Thought the Sun was moving at about the same velocity as nearby parts of the galaxy. There's nowhere to put the camera to capture this. The only way to get this effect given movement of nearby bodies would be to have the camera moving away from solar system at Ludicrous Speed, in which case the experience will be of the observer moving, not the solar system. No?

figuring out what's going on in the solar neighbourhood is very, very tricky and it's very difficult to visualize how they do it. but they do it by observing nearby stars.

on average they're all going round the sun at about the same speed in the same direction, 200-odd km/s. there's some scatter though. some are on perfectly circular orbits in the plane of the galaxy, some wobble up and down, some are on "radial" orbits, i.e. plunging toward the middle and out the other side, and only happy to be passing through the solar neighbourhood right now.

the upshot of that scatter in velocity/direction is that the stars that are close to us right now, will not be our nearest neighbours forever

http://upload.wikimedia.org/wikipedia/commons/thumb/e/e9/Near-stars-past-future-en.svg/749px-Near-stars-past-future-en.svg.png

Right, but those changes are glacial for any observer in a human time scale. There is literally nowhere to put a camera to visualize that gif.

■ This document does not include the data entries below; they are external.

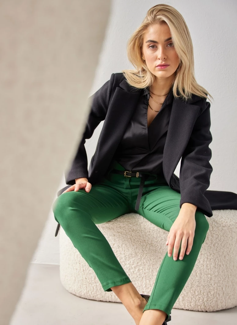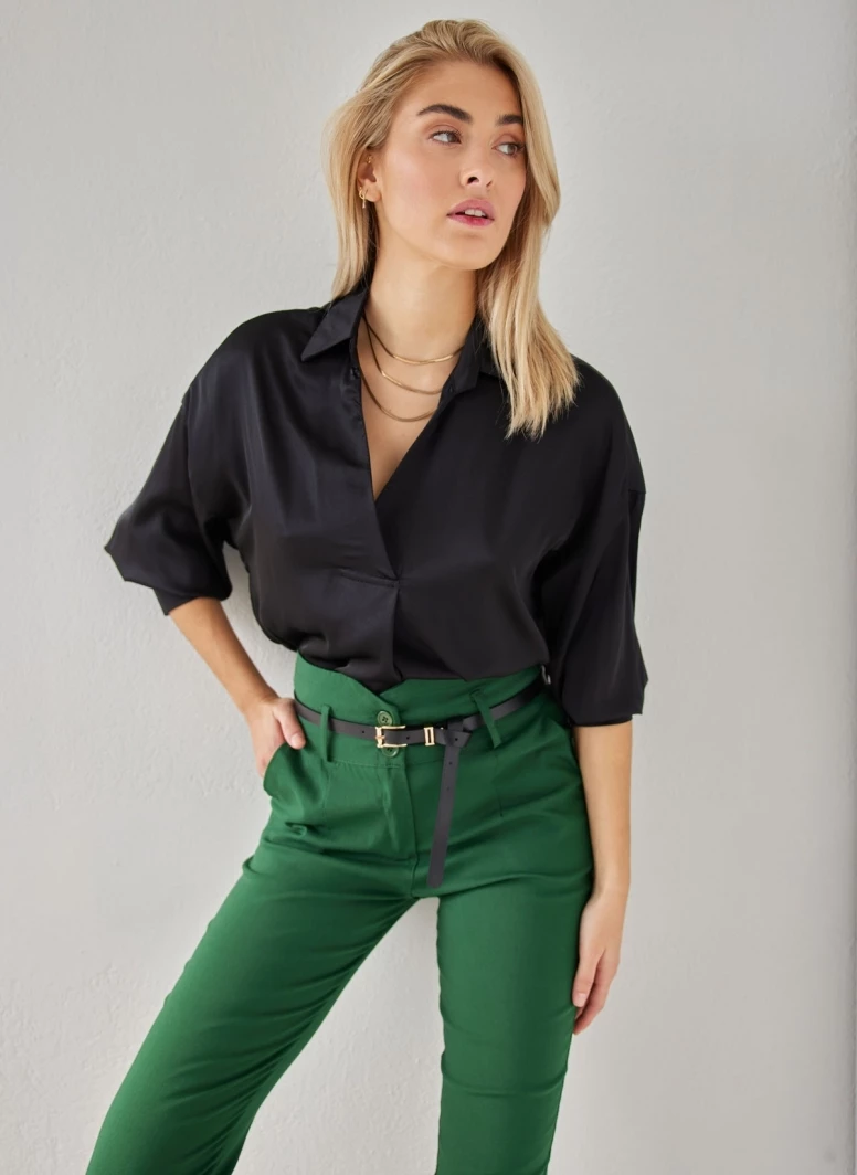 Μπλούζα σατέν με v cut άνοιγμα. Έχει κρουαζέ σχέδιο και γιακά. Φαρδιές μανσέτες με ένα κουμπί. Άνετη γραμμή. Made in Italy.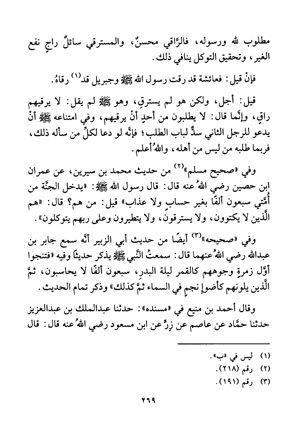 وفي "صحيح مسلم" (¬٢) من حديث محمد بن سيرين، عن عمران ابن حصين رضي اللَّهُ عنه قال: قال رسول اللَّه -صلى اللَّه عليه وسلم-: "يدخل الجنَّة من أُمَّتي سبعون ألفًا بغير حسابٍ ولا عذاب" قيل: من هم؟ قال: "هم الَّذين لا يكتوون، ولا يسترقون، ولا يتطيرون وعلى ربهم يتوكلون".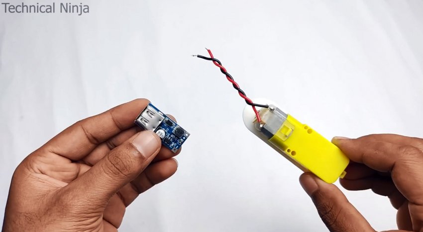 Теперь при вращении за ручку зарядного устройства производится электричество, которое с помощью модуля повышается до 5 В.

Even if the "camera" moved that fast away from the S.S. it wouldn't see the Sun translating so dramatically against the backdrop of near space, which is also moving at similar speeds in similar directions.

well that gif is just showing what voyager II is beaming back .... dunno what to tell ya man

afaict the camera is orbiting the centre of the MW faster than the sun, which is why the stars in the b/g are seen in parallax

apart from the scale issues, it looks basically plausible